— Excerpted data —
______

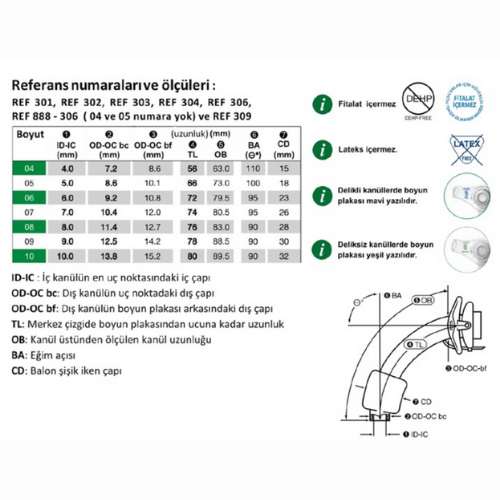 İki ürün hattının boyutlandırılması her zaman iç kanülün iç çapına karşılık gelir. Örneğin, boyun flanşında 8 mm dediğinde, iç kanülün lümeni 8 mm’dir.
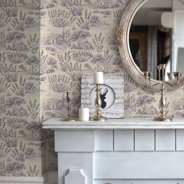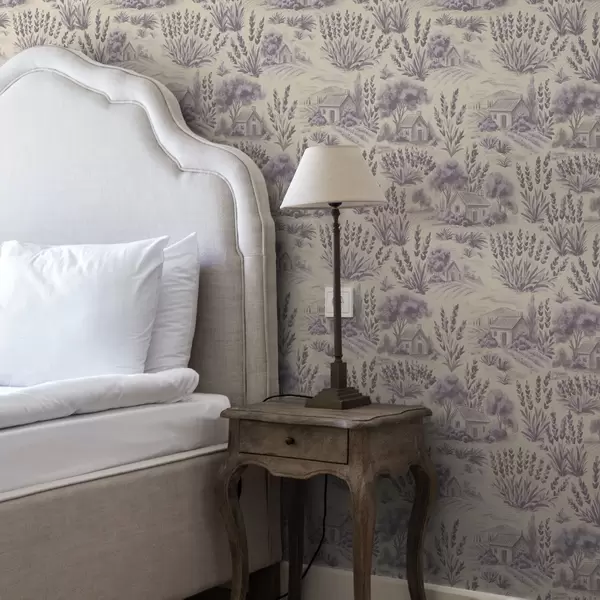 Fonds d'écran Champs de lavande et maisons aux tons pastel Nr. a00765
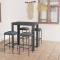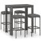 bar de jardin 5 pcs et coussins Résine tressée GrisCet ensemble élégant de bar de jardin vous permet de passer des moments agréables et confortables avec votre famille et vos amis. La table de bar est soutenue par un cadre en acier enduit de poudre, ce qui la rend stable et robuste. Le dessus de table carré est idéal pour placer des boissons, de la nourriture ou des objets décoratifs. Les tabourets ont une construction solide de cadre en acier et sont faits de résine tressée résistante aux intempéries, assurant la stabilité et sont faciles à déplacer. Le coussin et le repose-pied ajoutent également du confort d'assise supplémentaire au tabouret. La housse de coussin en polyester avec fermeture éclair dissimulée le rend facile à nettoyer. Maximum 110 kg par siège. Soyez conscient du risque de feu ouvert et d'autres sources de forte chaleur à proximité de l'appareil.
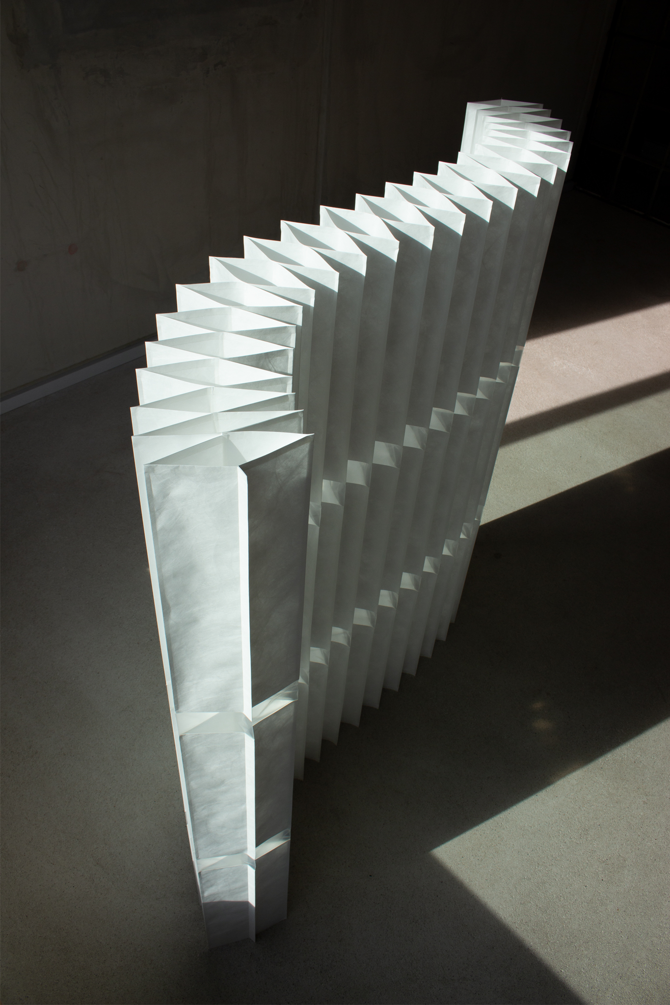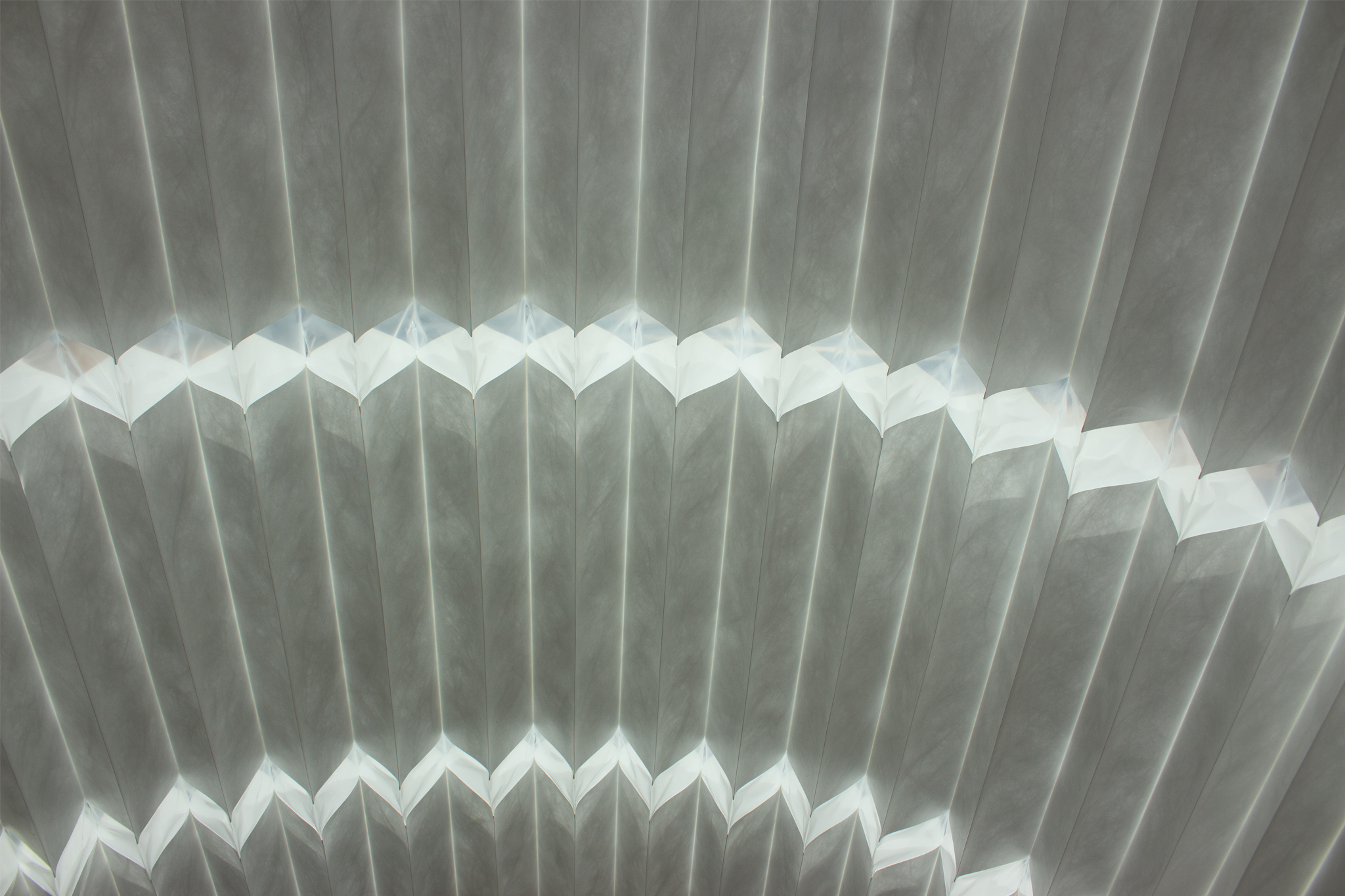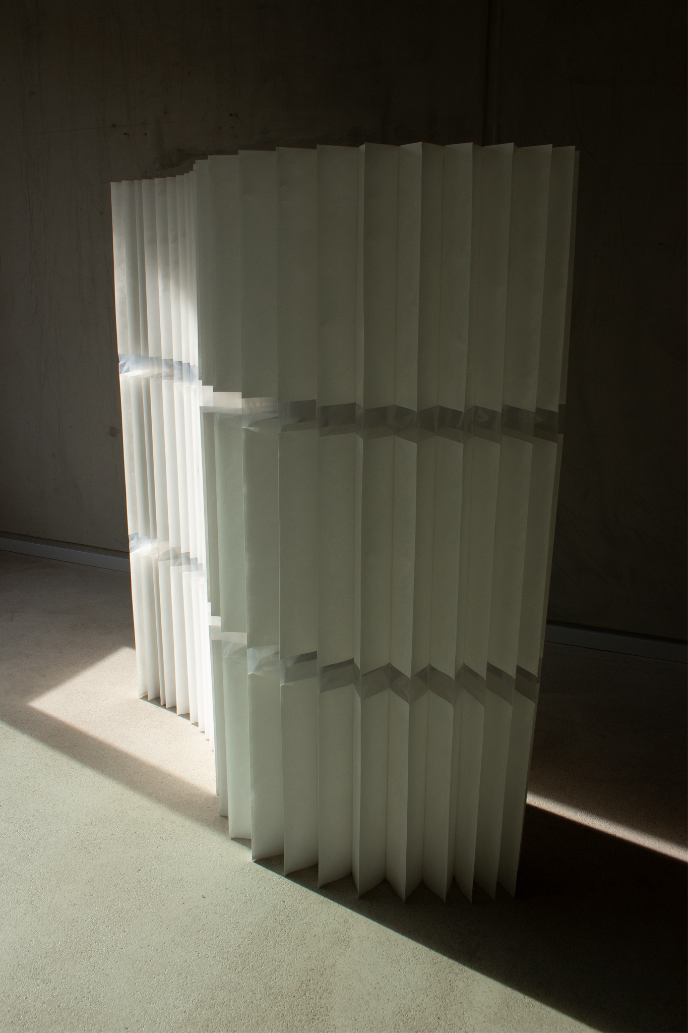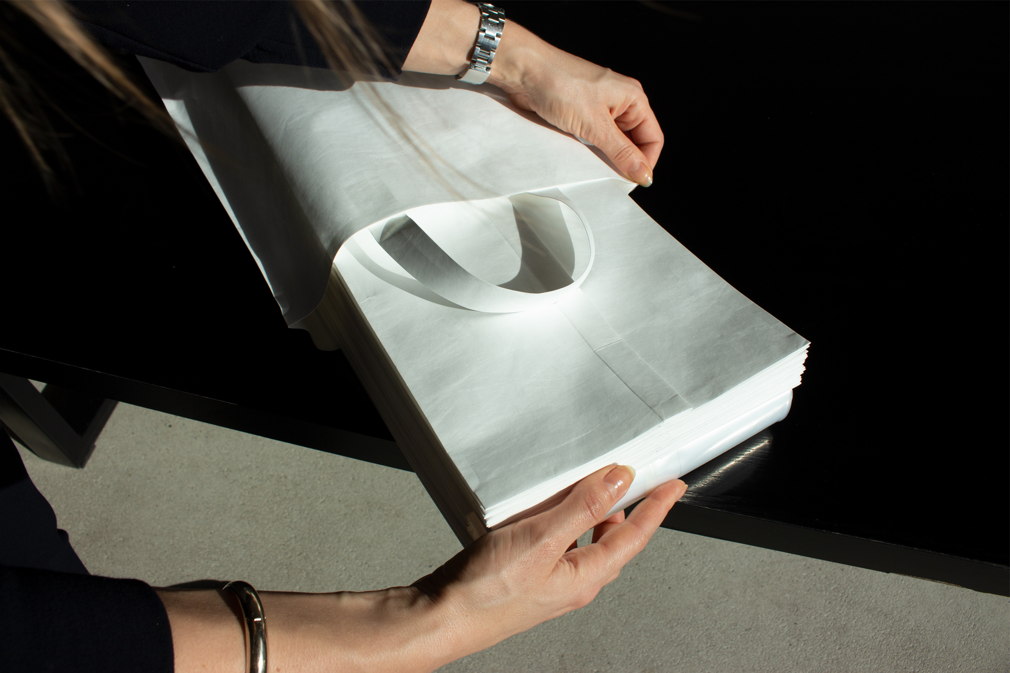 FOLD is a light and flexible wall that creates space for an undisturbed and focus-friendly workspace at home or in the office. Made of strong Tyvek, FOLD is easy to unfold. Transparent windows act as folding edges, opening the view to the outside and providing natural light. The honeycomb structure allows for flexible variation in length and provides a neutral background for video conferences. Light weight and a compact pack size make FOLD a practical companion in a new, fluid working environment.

______

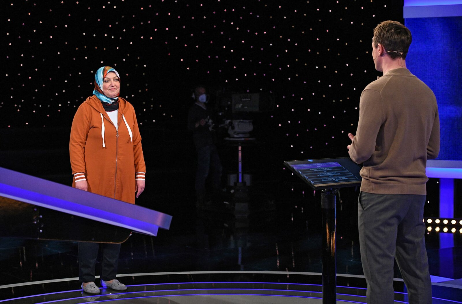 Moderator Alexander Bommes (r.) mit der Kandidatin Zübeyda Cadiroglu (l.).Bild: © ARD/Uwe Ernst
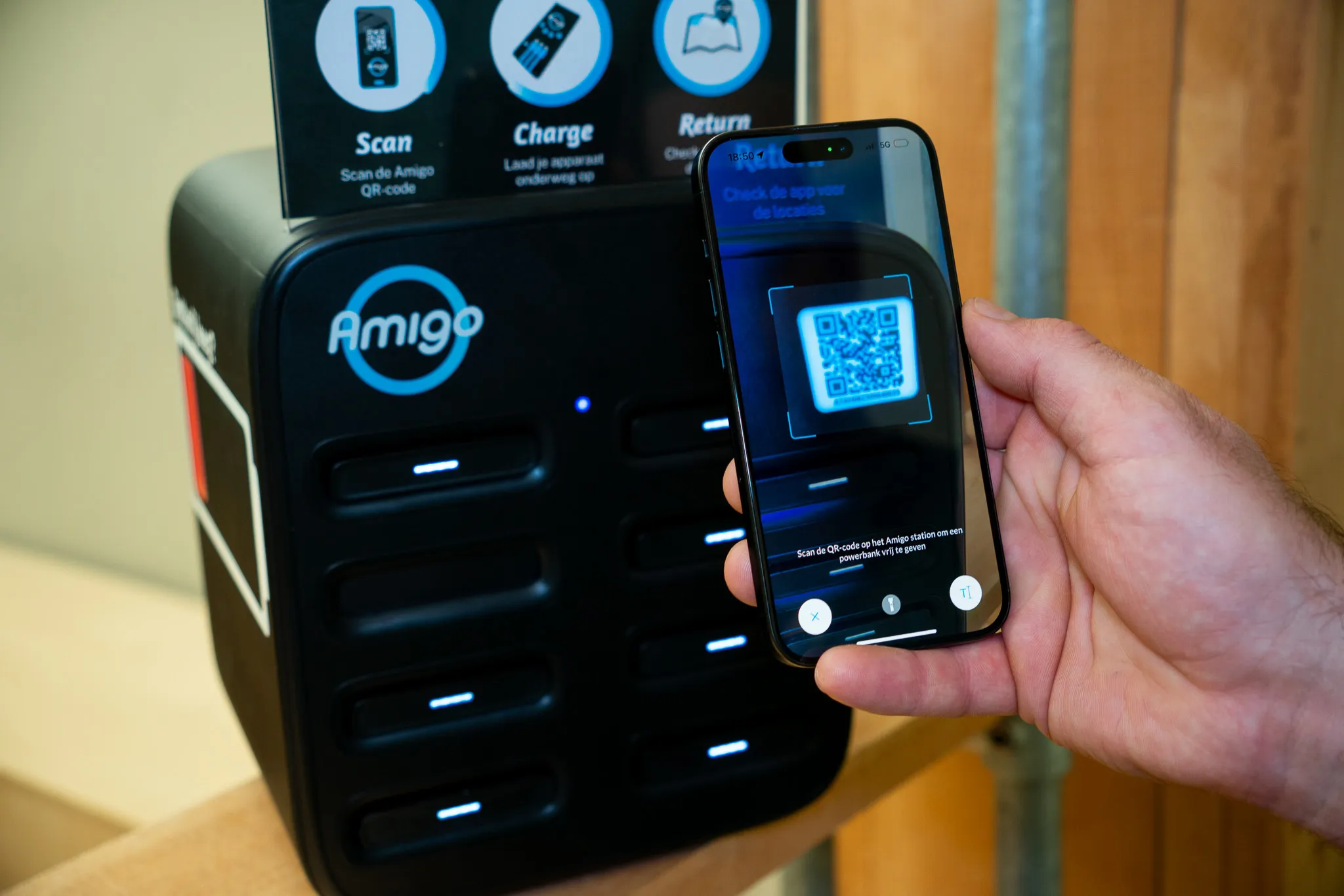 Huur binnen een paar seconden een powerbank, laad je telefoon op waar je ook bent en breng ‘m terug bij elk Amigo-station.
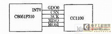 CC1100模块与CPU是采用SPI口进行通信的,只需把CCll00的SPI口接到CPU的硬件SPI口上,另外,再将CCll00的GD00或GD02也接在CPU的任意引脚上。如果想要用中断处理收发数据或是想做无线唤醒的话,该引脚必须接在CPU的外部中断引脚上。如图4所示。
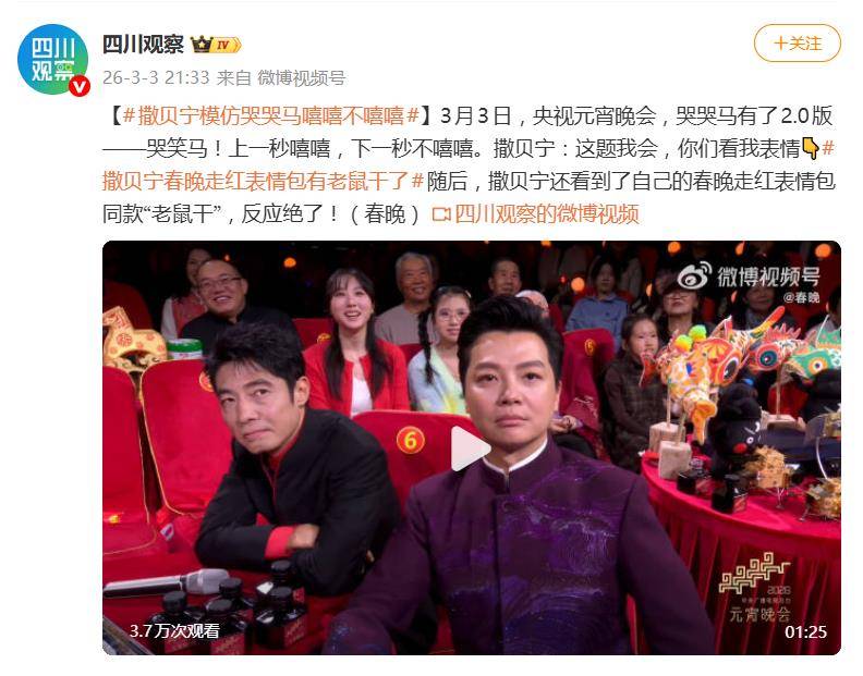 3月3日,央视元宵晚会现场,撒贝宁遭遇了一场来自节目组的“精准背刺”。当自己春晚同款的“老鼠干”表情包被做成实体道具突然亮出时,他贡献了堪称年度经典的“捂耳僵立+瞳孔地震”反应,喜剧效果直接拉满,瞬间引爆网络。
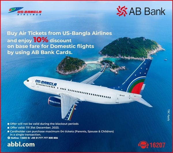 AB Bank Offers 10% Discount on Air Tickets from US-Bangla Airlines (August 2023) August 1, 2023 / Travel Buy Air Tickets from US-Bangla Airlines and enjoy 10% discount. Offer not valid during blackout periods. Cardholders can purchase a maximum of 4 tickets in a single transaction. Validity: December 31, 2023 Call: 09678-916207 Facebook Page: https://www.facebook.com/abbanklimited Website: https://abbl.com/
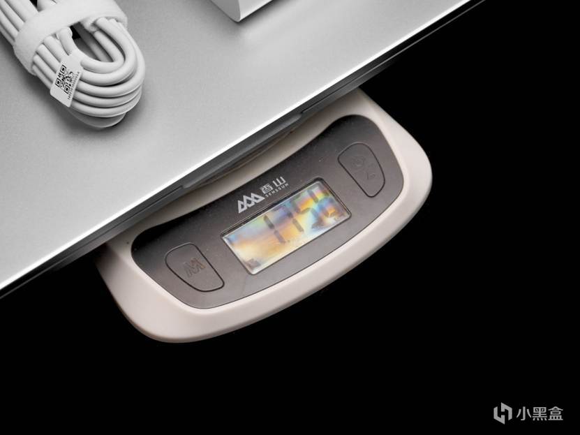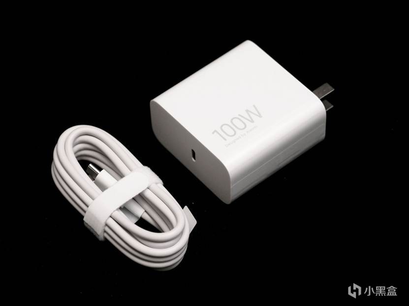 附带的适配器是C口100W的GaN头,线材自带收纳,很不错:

______

— Exercise directions —
What are the lines in the records above, word for word, from the one containing "İki ürün hattının" through the one containing "Fonds d'écran Champs", both ends included and pictures left out?

— Your solution —
 İki ürün hattının boyutlandırılması her zaman iç kanülün iç çapına karşılık gelir. Örneğin, boyun flanşında 8 mm dediğinde, iç kanülün lümeni 8 mm’dir.
 Fonds d'écran Champs de lavande et maisons aux tons pastel Nr. a00765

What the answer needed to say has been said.